第30話「世の中はコインが決めている」
夢の中で携帯電話が鳴っている。出るべきか無視するべきか、迷ってる間も鳴り続けている。夢なら出なくても良いだろうと、僕は無視を続けた。すると、しばらくしてから鳴り止んだ。
一体誰だよ。大体、今は何時で何曜日なんだ。そんなことを夢の中で思ったとき、再び携帯電話が鳴り出した。まったくしつこい奴だな。そう思ったとき、ふいに僕は揺れ出した。その揺れがだんだんと大きくなり、微かに耳元で誰かの声が聞こえた。携帯電話も鳴り続けている。
……くん……くん……はじめ……くん。
夢じゃない。この声は僕の良く知ってる人の声だ。声の正体がわかった瞬間、僕は無意識に身体を起こすのだった。
そして、鳴り続ける携帯電話の音で現実なんだと気がついた。
「はじめくん、鳴ってるよ」と僕の隣で声が聞こえた。横を振り向くと、隣で裸の女性が寝ていた。顔は隠していたけど、その女性が誰なのかは知っている。
辺りを見渡して携帯電話を探した。ベッドのそばにある丸いテーブルが目に入り、薄暗い部屋の中で携帯電話が点滅している。 慌てて手を伸ばして、携帯電話を掴むと僕は待ち受け画面を見た。
店長からの電話だった。そのまま着信ボタンを押して、僕は返事をした。少し声は枯れていたけど、なんとか店長の声に耳をすませる。
「もしもし阿弥陀だけど、朝早く悪いね。

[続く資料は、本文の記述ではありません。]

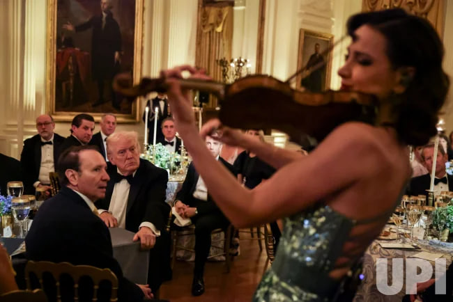 Președintele SUA, Donald Trump, o urmărește pe violonista moldoveană Rusanda Panfili interpretând în timpul cinei guvernatorilor din Salonul de Est al Casei Albe, sâmbătă, 21 februarie 2026, la Washington
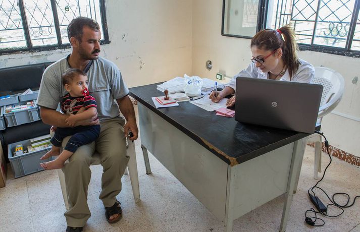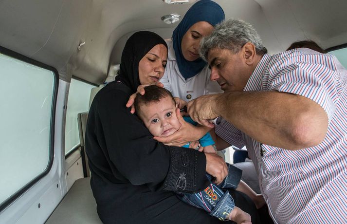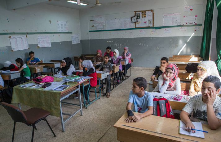 Taka flóttamönnunum opnum örmum Brjánn Jónasson skrifar 12. október 2013 10:00 Sýrlensk stúlka með móður sinni í læknisskoðun hjá Rauða krossinum. Fréttablaðið/Vilhelm Hvernig myndi Ísland taka á móti 80 þúsund flóttamönnum? Gætum við sem þjóð sinnt 200 nýjum flóttamönnum frá nágrannaríki á hverjum einasta degi? Þessi fjöldi er hlutfallslega sambærilegur við þann gríðarlega straum sýrlenskra flóttamanna sem hefur streymt yfir landamærin til Líbanon frá því borgarastyrjöldin í Sýrlandi hófst. Fyrir ríki með um fjórar milljónir íbúa er það risavaxinn biti fyrir Líbanon að taka á móti rúmlega einni milljón flóttamanna. Það er nær óvinnandi verk að taka þannig á móti þeim tveimur þúsundum sem bætast við daglega að sómi sé að. Þrátt fyrir erfiðleikana eru Sýrlendingarnir boðnir velkomnir til landsins og Líbanar taka á sig ýmiskonar skerðingar þeirra vegna, segir Þórir Guðmundsson, sviðsstjóri alþjóðasviðs Rauða kross Íslands.Sýrlensk kona betlar á götu í Beirút með barnið sitt í fanginu. Hún er ekki sú eina því fjölmargar konur og börn betla til að hafa í sig og á.Fréttablaðið/vilhelm„Líbanar taka á móti öllum þessum flóttamönnum með opnum örmum,“ segir Þórir. Hann heimsótti Líbanon nýverið ásamt Vilhelm Gunnarssyni, ljósmyndara Fréttablaðsins, til að kynnast því að eigin raun hvernig hjálparstarf Rauða krossins gengur fyrir sig. Flóttamennirnir setja gríðarlegt álag á innviði Líbanon. Skólar sem áður voru einsetnir eru nú tvísetnir, og sumir jafnvel þrísettir. Raforkuframleiðslan, sem var tæp fyrir, annar engan vegin eftirspurninni. Álagið á heilbrigðiskerfið er einnig gríðarlegt. „Þrátt fyrir allt þetta taka Líbanar vel á móti öllum þessum flóttamönnum. Það er í raun alveg stórkostlegt,“ segir Þórir.Rauði krossinn rekur þrjár færanlegar læknisstöðvar í Líbanon. Þessi móðir kom með nýfætt barn sitt og litlu dóttur sína í læknisskoðun þegar læknirinn kom í heimsókn. Fjölskyldan flúði ófriðinn í Sýrlandi, og býr nú í skólastofu í litlum bæ í Norður-Líbanon ásamt fleiri fjölskyldum.Fréttablaðið/vilhelmRauði krossinn rekur þrjár færanlegar sjúkrastöðvar sem fara á milli þorpa til að veita læknisaðstoð, auk þess sem boðið er upp á ýmiskonar fræðslu og fyrirbyggjandi aðgerðir. Stöðvarnar eru kostaðar af norska og íslenska Rauða krossinum. „Heilbrigðiskerfið í Líbanon er einkarekið, og það kostar mjög mikið að fara á spítala. Sýrlenskir flóttamenn hafa upp til hópa ekki efni á slíku, svo þessi læknisaðstoð sem Rauði krossinn er að veita, sem Íslendingar hafa lagt fé til, verður oft til þess að fólk fái læknisaðstoð sem það hefði ella ekki fengið,“ segir Þórir.Togstreita vegna flóttamanna Opinberar tölur í Líbanon segja að það séu 760 þúsund sýrlenskir flóttamenn skráðir í landinu, en flestir eru sammála um að þeir séu mun fleiri. Sumir vilja tvöfalda þá tölu, en líklegast er að flóttamennirnir séu að lágmarki rúm milljón. Þetta er ekki í fyrsta skipti sem flóttamenn streyma yfir landamæri Sýrlands og Líbanon, en síðast þegar það gerðist lá straumurinn í hina áttina. Mikill fjöldi líbanskra flóttamanna fengu hæli í Sýrlandi á meðan fimmtán ára borgarastyrjöld í Líbanon geisaði. Mörgum Líbönum finnst því mikilvægt að launa greiðann.Heilbrigðisþjónustan í Líbanon er einkarekin og því mjög dýrt að leita til læknis. Margir sækja því í læknisþjónustu á vegum Rauða krossins, eins og faðir þessarar stúlku sem varð aðeins um í læknisskoðuninni. Þó læknisþjónustan sé vel sótt voru ekki miklar raðir þennan daginn, rúmlega tíu foreldrar biðu með börnin sín eftir því að hitta lækninn.Fréttablaðið/vilhelmÞrátt fyrir að Líbanar taki óhikað við flóttamönnum frá Sýrlandi ber sífelt meira á togstreitu milli Sýrlendinga og heimamanna í Líbanon. Sumir flóttamannanna hafa einhverja peninga milli handanna og stofna matsölustaði eða önnur lítil fyrirtæki sem keppa við þau sem fyrir voru. Aðrir taka vinnu sem býðst, þó launin séu langt undir því sem Líbanar myndu sætta sig við. „Ég varð ekki var við þetta, en við vitum að það kemur upp ýmiskonar núningur,“ segir Þórir. Hann segir fólk gera það sem það geti til að bjarga sér. Margar sýrlenskra fjölskyldur lifa af tekjum barna sem eru send í vinnur út á akur. Einu tekjur fjölskyldu sem hann hitti koma frá dreng sem erfiðar rúma sextán tíma á sólarhring í marvöruverslun.Foreldrar sem koma með börnin sín í læknisskoðun fá einnig fræðslu um hreinlæti, sjúkdóma og annað sem þau þurfa að vita. Rauði krossinn býður einnig upp á ýmiskonar sálrænan stuðning, einkum fyrir konur og börn. Þá eru myndaðir hópar þar sem spjallað er um það sem fólkinu liggur á hjarta.Fréttablaðið/vilhelmÓttast átök í Líbanon Pólitískt ástand í Líbanon hefur verið óstöðugt undanfarið, og óttast margir að átökin í Sýrlandi geti orðið til þess að upp úr sjóði í landinu. Það yrði enn hræðilegra en ella í ljósi þess mikla fjölda sýrlenskra flóttamanna sem hafa flúið átökin til Líbanon. „Það væri hrikalegt ef átökin færðust yfir til Líbanon,“ segir Þórir. „Það er mikil spenna í landinu eftir borgarastyrjöldina, en flestir Líbanar virðast staðráðnir í að láta það ekki gerast. Ég sé ekki að spennan sé að ná þeim hæðum að það sé mikil hætta á átökum.“Börn flóttamanna þurfa menntun eins og önnur börn. Í þessum skóla í Shatila-flóttamannabúðunum í Beirút mæta palestínsk börn í skólann fyrir hádegi, og þessir Sýrlensku krakkar fá sína menntun eftir hádegi.Fréttab

まだ寝てた?そう、今起きたところ。鳥居くん、今日の出勤って早番だよね。急で悪いんだけど遅番に変更してくれる?」
「遅番に、ああ、遅番ですね。別に構いません。ええ、あ、はい。大丈夫です。わかりました。はい、失礼致します」
「会社から?」と僕の背後から聞いてくる。振り向くと、弓子さんが顔を隠していた。
夢の中でもなく、僕は紛れもなく弓子さんのアパートに居た。昨夜、ビーフシチューをご馳走になってそのまま泊まったのだ。泊まったイコール、僕は弓子さんと一夜を共にした。

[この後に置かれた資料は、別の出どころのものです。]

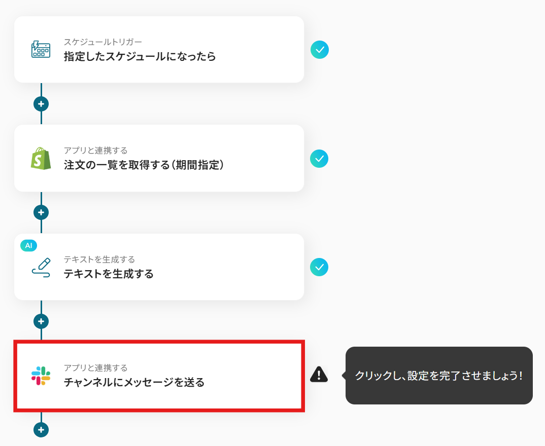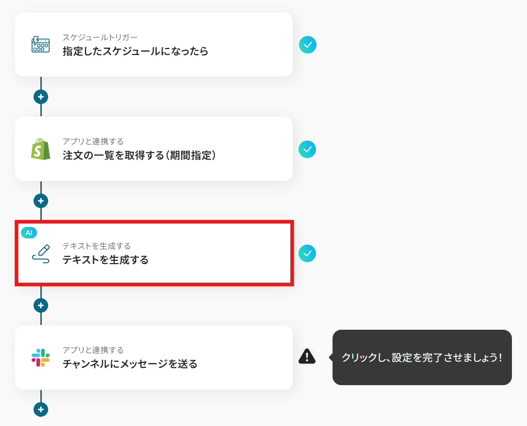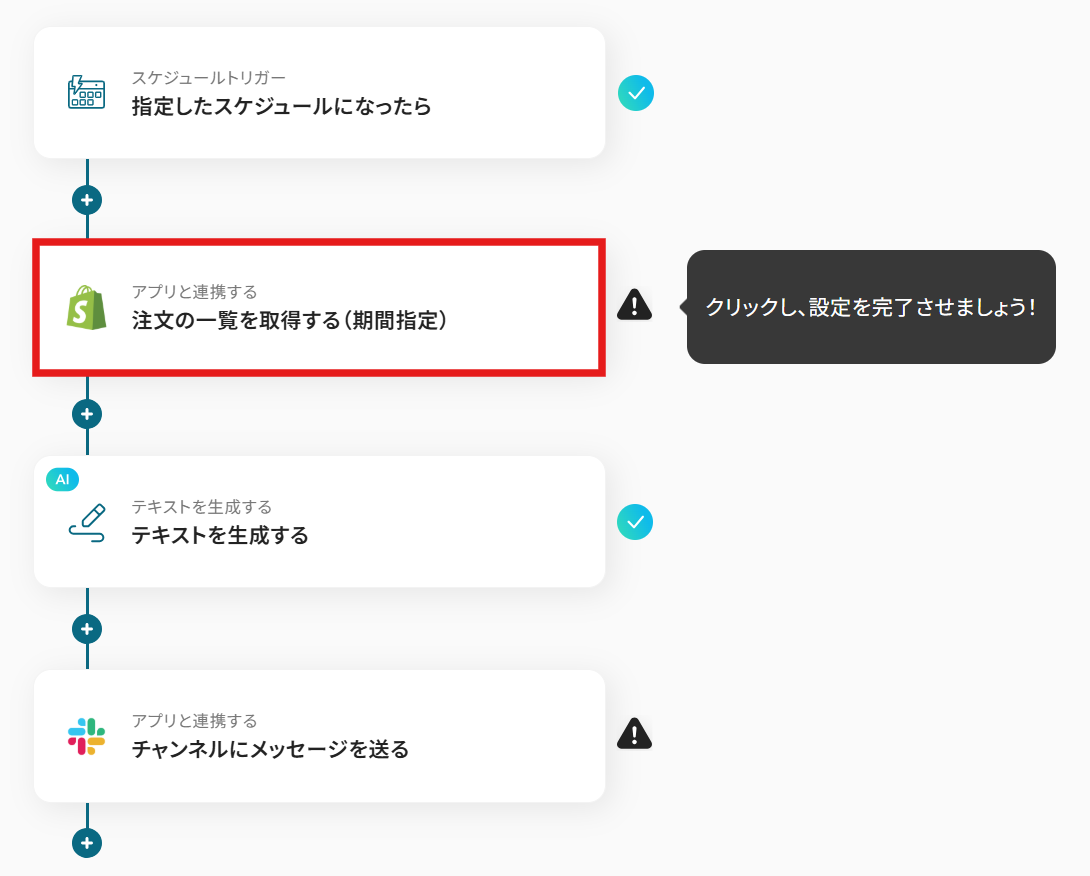 ステップ4:注文情報を取得し、AIに分析・戦略提案を出力させSlackに通知する設定
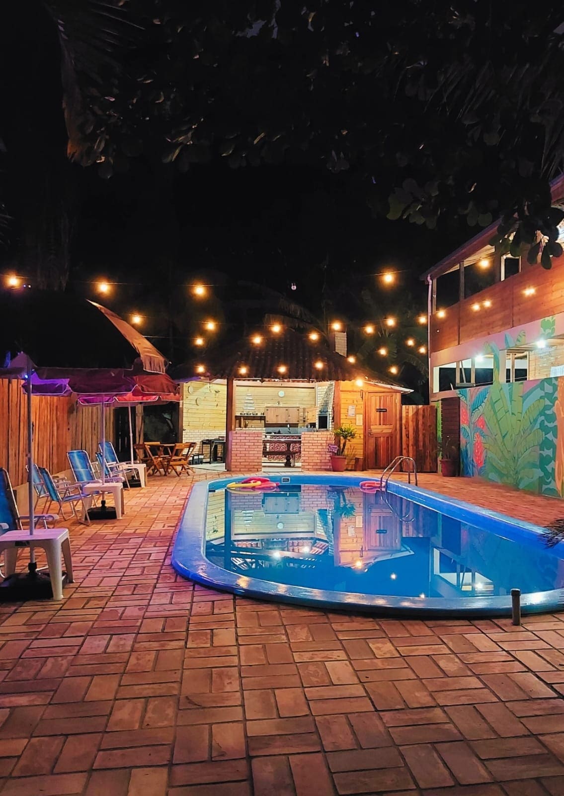 Suíte com cama de casal, ar condicionado, ventilador de teto, televisão smart, frigobar, banheiro e sacada com rede. Cozinha compartilhada com grande espaço para as refeições, fogueira, quiosque com churrasqueira ao lado da piscina e área verde. A apenas 400m da praia de Mariscal. Estamos a menos de 10 minutos (de carro) do Centro de Bombinhas.
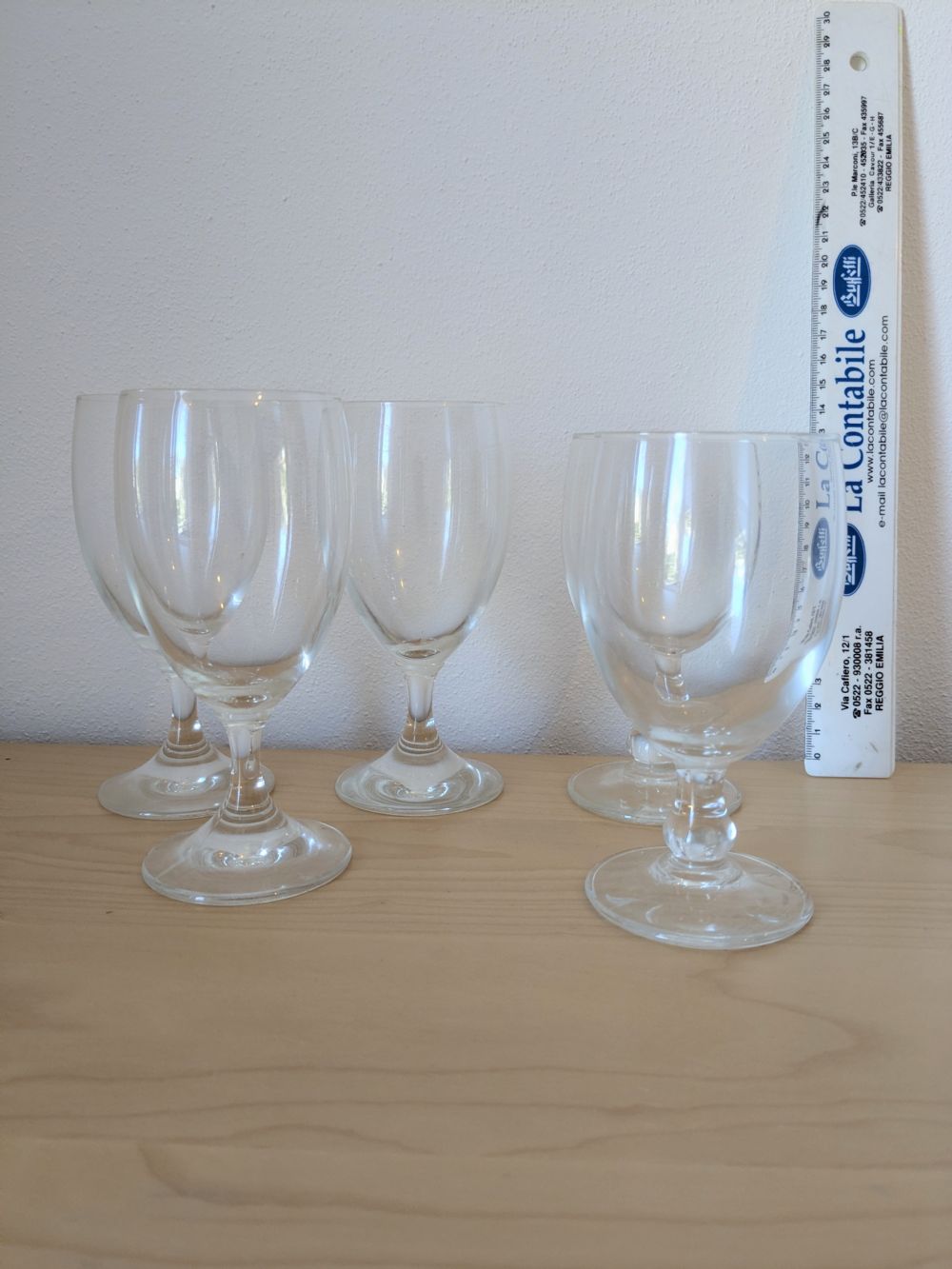 Descrizione:5 calici in vetro nessun difetto, di cui 3 da acqua e 2 da vino, la forma è la stessa quelli da vino come di consueto sono solo leggermente più piccoli
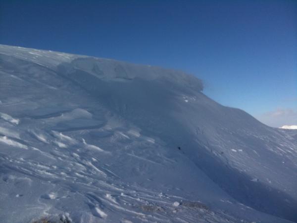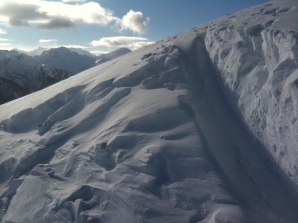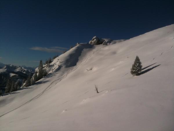 Schneebrett in der Nähe des Bauernhauses auf 1800m. Anriss >1m (Triebschnee!)

こんなことがあっても良いのか。一昨日の夜、僕は絵馬さんという女性と夜を共にしていた。今度は弓子さんという別の女性と夜を共にする。
とんでもなく遊び人じゃないか!
「早番だったんですが、遅番に変更です。今、何時だろう?」
「うーん、六時過ぎじゃない。良かったじゃない。ゆっくりできるわね」と弓子さんが言った。
「そ、そうですね。ね、寝ますか?」
「……寝よう」と弓子さんはそう言って、そのまま黙るのだった。ホントに寝たみたいだ。目が覚めたわけじゃなかったので、僕もそのままベッドに潜り込んで寝ることにした。
今は何も考えない。そう思いながらも、隣で眠る弓子さんが気になるのだった。